Человек из Красной книги - Григорий Ряжский
Шрифт:
Интервал:
В Москве собственного места на кладбище у него не было, и об этом тоже следовало позаботиться. «Впрочем, не откажут, – подумал он. – На любом, какое ни попроси, кроме, наверное, главного этого их, Новодевичьего». Да и наплевать было, если уж на то пошло: боль и горечь были такой силы, что думать о том, в какой конкретно земле будет истлевать прах его Женюры, было просто невыносимо. А она тогда пошутила ещё, когда он наказал ей рассыпать его пепел на эдельвейсовой поляне, заявив, что хочет сюда же, чтобы получилось рядом с ним. А он, помнится, ответил ей, что пускай, мол, она с этим своим пожеланием не к нему, а к своему следующему мужу обратится, молодому и красивому, который, возможно, такой шанс и обретёт, а уж он-то точно не сумеет это распоряжение осуществить, не успеет, по чисто техническим причинам физического характера. А вышло, стало быть, как пошутила она, а не как глуповато отбился он. Только вот кто же теперь его-то золу над поляной той развеет…
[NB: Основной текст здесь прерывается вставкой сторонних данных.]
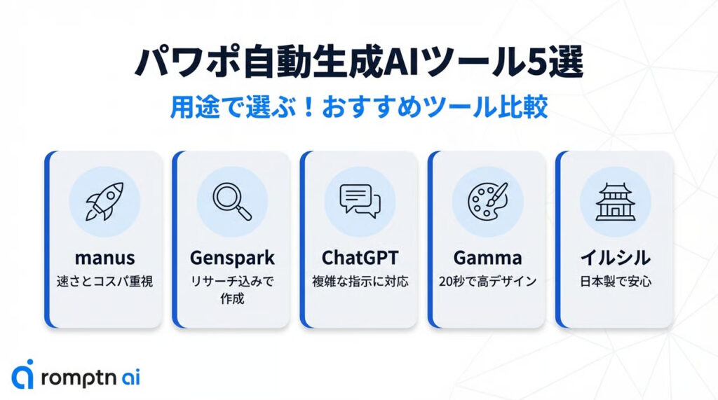 この記事では、無料で試せるパワポ自動生成AIのおすすめ5選や、その中でも特に初心者におすすめな「manus」の魅力、AIを使いこなすためのコツまで詳しく解説します。

Аврошке ничего не сказали. Её поместили в отдельную палату владиленинской больницы, под особый присмотр персонала, которому строго-настрого приказали молчать о последствиях катастрофы, – вообще ни слова о чём бы то ни было, в особенности о смерти её матери. Она лежала в кровати, ей притащили проигрыватель и по очереди, одна за другой, ставили детские пластинки, сказки и весёлые мультяшные песенки, чтобы, насколько удастся, отвлечь от повязки на её глазах и избежать вопросов про ненужное. Она плохо помнила всю цепь событий от начала до конца, знала лишь, что ближайшее время доктора не разрешили снимать бинтики на голове из-за того, что у неё заболели глазки и какое-то время она проведёт здесь, в этом месте, без папы, мамы и бабы Насти.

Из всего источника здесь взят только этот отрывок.